Ken Kantzer, of the startup auditing firm PKC, mentioned in the Changelog podcast a common case of software developers not understanding that JWT tokens are not encrypted by default. Developers were shown plain-text version of their own JWT tokens, to their amazement - with sensitive information right there for anyone to read.

You expect the same engineers to also have the bandwidth to understand the intricacies of cost dynamics in a multi-region AWS setup? Which brings us to…

“Knows just enough to be dangerous”

A developer who knows zero of something is probably better for your infrastructure security than a developer who knows half (but thinks they know it all).

Software vendors go out of their way to make their products user-friendly, working out-of-the-box in order to push for fast ramp up and adoption. That often comes at the price of literally no security. “Look, ma! I installed Mongo and it just works. I have gone web scale, ma!”

What ma knew and what the developer didn’t was that Mongo did not set a password by default, so the giddy engineer who mirrored their local setup when going to production just exposed the production database to the world as a free-for-all. That ended up just about how you would expect.

MongoDB is not the only culprit, either. There have been spectacular security breaches stemming from Amazon AWS allowing wide-open S3 buckets with public access ON by default.

Once the technology in question gets more complicated, so are the ways in which it can be misconfigured.

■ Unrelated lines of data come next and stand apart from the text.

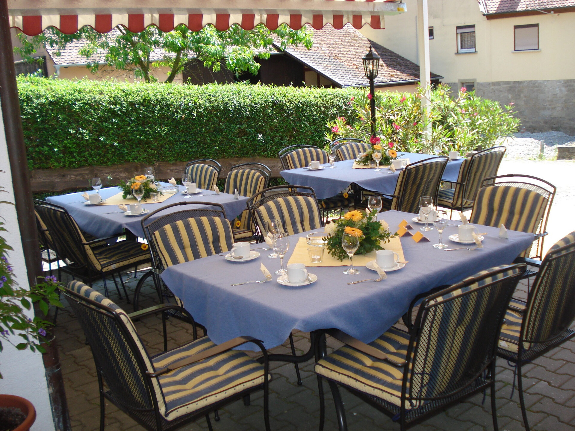 Historisches Gasthaus mit regionalen fränkischen Spezialitäten, komfortable Gästezimmer, Feiern in der Fachwerkscheune, eigene Erzeugnisse wie Wein, Honig, usw.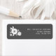 An address label featuring white flowers at left over a grey background. Look for matching wedding invitations and postage at Jill's Paperie. Personalise the text with your name and address.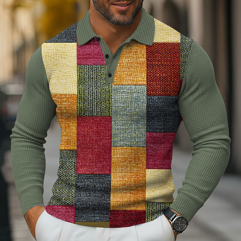 Men's Color Block Geometic Waffle Polo Shirts Long Sleeve Polo Shirts Collared Shirts Business Casual Business Wear to work Daily Wear 3D Print Buttons Spring Fall Winter Red 1 Red 4 Red 3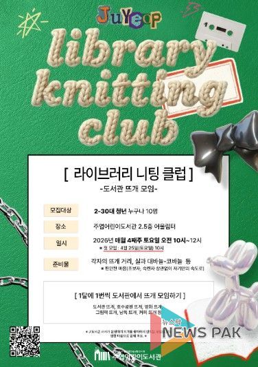 뉴스팍 배상미 기자 | 고양특례시 주엽어린이도서관은 20~30대 청년을 대상으로 하는 커뮤니티 프로그램 ‘라이브러리 니팅 클럽’을 오는 4월 25일부터 운영한다.

Making your engineers administer Kubernetes is probably not the greatest of ideas, as the “working knowledge” is just enough to get it working but not enough to be aware of all the security caveats and pitfalls (and not just security, really).

Still, even if you are lucky enough to not have been ransomwared into oblivion, there will be a price…

It will cost you

Your cloud bill is directly proportional to the size of your team. In part to Conway’s Law, and in part because many workplaces give teams autonomy, which manifests as those teams piling on their favorite Cloud toys without any regard for performance, cost, security, or overall complexity.

As your engineers add whatever they desire to your already extensive cloud infrastructure, who really gets down and dirty with a cloud cost calculator? Who analyzes the redundancies, or cheaper and simpler ways? Who gets to validate that rebuilding your entire application in Lambda is not just someone’s resume-driven development effort but a pragmatic decision, not resulting in nasty performance and cost surprises? Who tracks how much data is stored where, accumulating in cost every month? Can it be moved? Deleted? Compressed and archived? Give me a second - I will get right on that after I finish my standup, two Zoom meetings, prep to conduct an interview, attend to technical debt, and spin up another goddamned microservice.

With the Cloud, everything seems reasonably priced and simple - at first, until someone notices the bill. In these lean times, when tech companies are forced to be only reasonably frugal, everything seems fine - and then it’s a code red emergency with all hands on deck. “Our cloud bill is too high, fix it!”

A shallow, ocean-sized puddle of knowledge

Non-stop learning is part of this job, but the ever-growing amount of things to know is relentless and even paralyzing. Basic knowledge of things like database indexes and server-side rendering is passé.

In this environment, expecting software engineers to also be masters of Clouds is, as we say, an anti-goal.